The students, sitting in a classroom cluttered with a variety of twisted and broken airplane parts, study the image. A few hands hesitantly go up.

“It looks like he overran the runway,” one student says.

“No,” Wall retorts, clearly ready for just that sort of response. “Describe factually what you are seeing, and leave your opinions at home. Your job is to gather the facts—the National Transportation Safety Board members make the interpretations.”

The rest of the hands go down. Wall helps them out: “The right side of the forward fuselage has compression buckling. The props are not feathered. There is substantial deformation with crushing. And see these people walking around? Have they touched anything? You now have a contaminated investigative area.” For this group of 33 aspiring air crash investigators, school has begun.

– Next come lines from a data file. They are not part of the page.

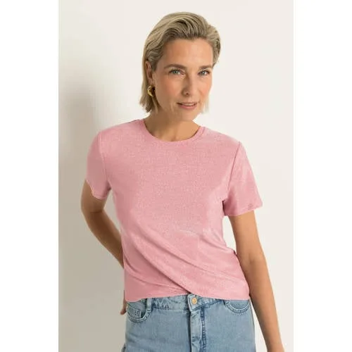 Breng subtiele glamour in je garderobe met deze Claudia Sträter top knitted in zachte roze tint. De fijngebreide top heeft een vrouwelijke ronde hals en korte, rechte mouwen. Door de glinsterende lurex draad krijgt de effen kleur een sprankelend effect dat mooi met het licht speelt. Ideaal voor momenten waarop je net iets meer uitstraling wilt, zonder dat het te opvallend wordt.Fijn breisel met subtiele glans Zachte knit met ingewerkte glitters en lurex voor een verfijnde glans Roze effen kleur die makkelijk te combineren is met broeken en rokken Korte, rechte mouwen die luchtig aanvoelen op de huid Ronde hals die mooi aansluit langs de halslijn Zonder sluiting, waardoor je de top eenvoudig aantrekt Soepel materiaal met elastaan dat licht meerekt voor een prettig draaggevoelVan dag naar avondDeze knitted top past goed bij een zakelijke kantoorlook met een nette broek, maar doet het ook goed in een meer ontspannen setting. Combineer met een jeans en sneakers voor overdag of met een elegante rok en hakken voor een diner. De glanzende draad zorgt steeds voor een verzorgde uitstraling.Stijlvolle signatuur van Claudia SträterClaudia Sträter staat bekend om tijdloze, vrouwelijke ontwerpen met een moderne twist. Binnen de CLAUDIA BY CLAUDIA STRÄTER lijn komen draagbaarheid en stijlvol design samen in items die je makkelijk in je bestaande garderobe opneemt.Een roze knit die je het hele seizoen door blijft pakken voor een verzorgde, vrouwelijke look.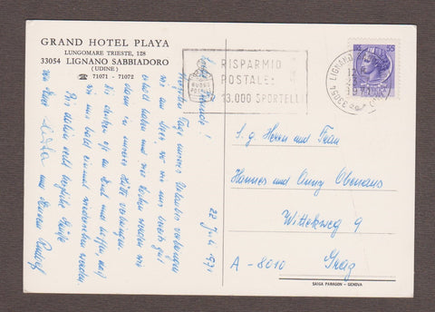 AK Lignano Sabbiadoro, Grand Hotel Playa. Lungomare Trieste 128. Gelaufen 1971. Großformat. Zustand: gut.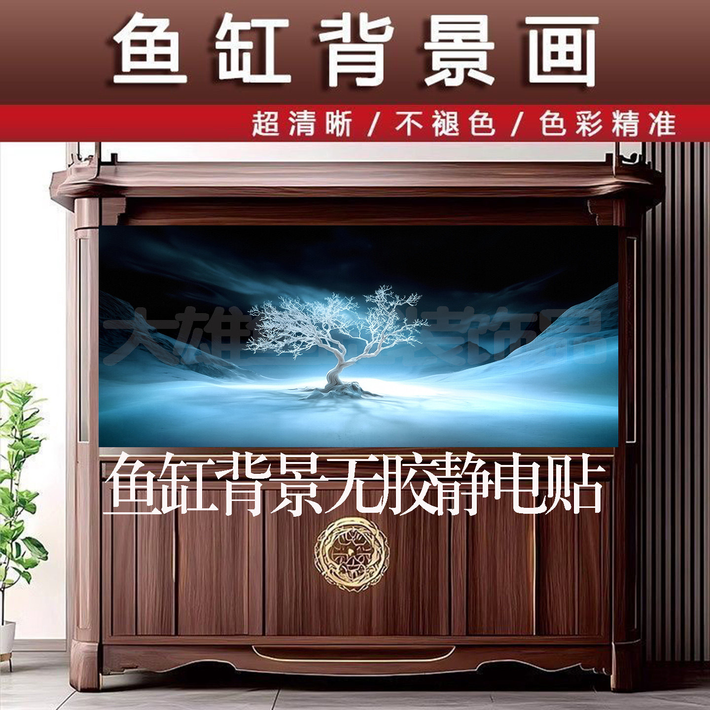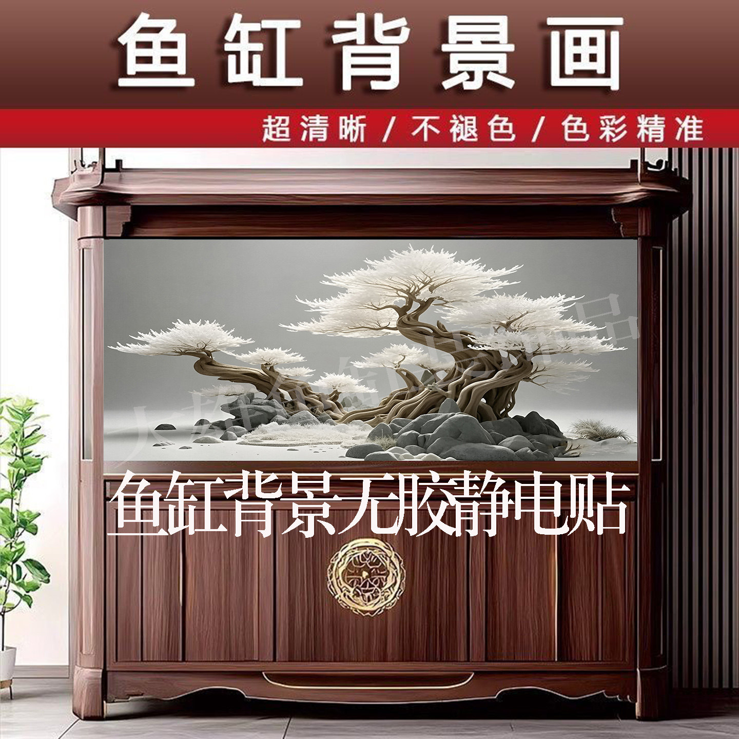 淘宝吉鱼鱼缸背景贴纸装饰贴纸5D造景水族箱贴纸自粘免胶静电贴

In a classroom tucked into the third floor of a boxy 1960s government building on the campus of the Federal Aviation Administration’s Mike Monroney Aeronautical Center in Oklahoma City, they are here to learn how to sort out the aftermath of aviation’s dark side. The class is offered to FAA investigators, airline and military aviation specialists, even new members of the NTSB—anyone who will be on a crash scene gathering evidence to turn over for the official NTSB review. During this six-and-a-half-day introductory course, which is conducted by the Transportation Safety Institute’s (TSI) Aviation Safety Division, the students will absorb lectures, view slides and videos, read radio transcripts, pass around failed engine parts and broken struts, and examine many cautionary case studies. Then, after five days of classroom work, they’ll break into teams and venture into the “boneyard,” a fenced compound containing the transported remains of a half-dozen real crashes that the students will investigate.

First, though, they have to learn the vocabulary. That’s what Wall, a retired NTSB accident investigator with more than a thousand investigations under his belt, is helping them do. When another image hits the screen a short while later—this time a single-engine Cessna—Wall asks the same question and gets a faster, better reply.

“The nose gear is collapsed, and both prop blades are bent,” the student says.

“Good. And what does that tell you?” Wall asks.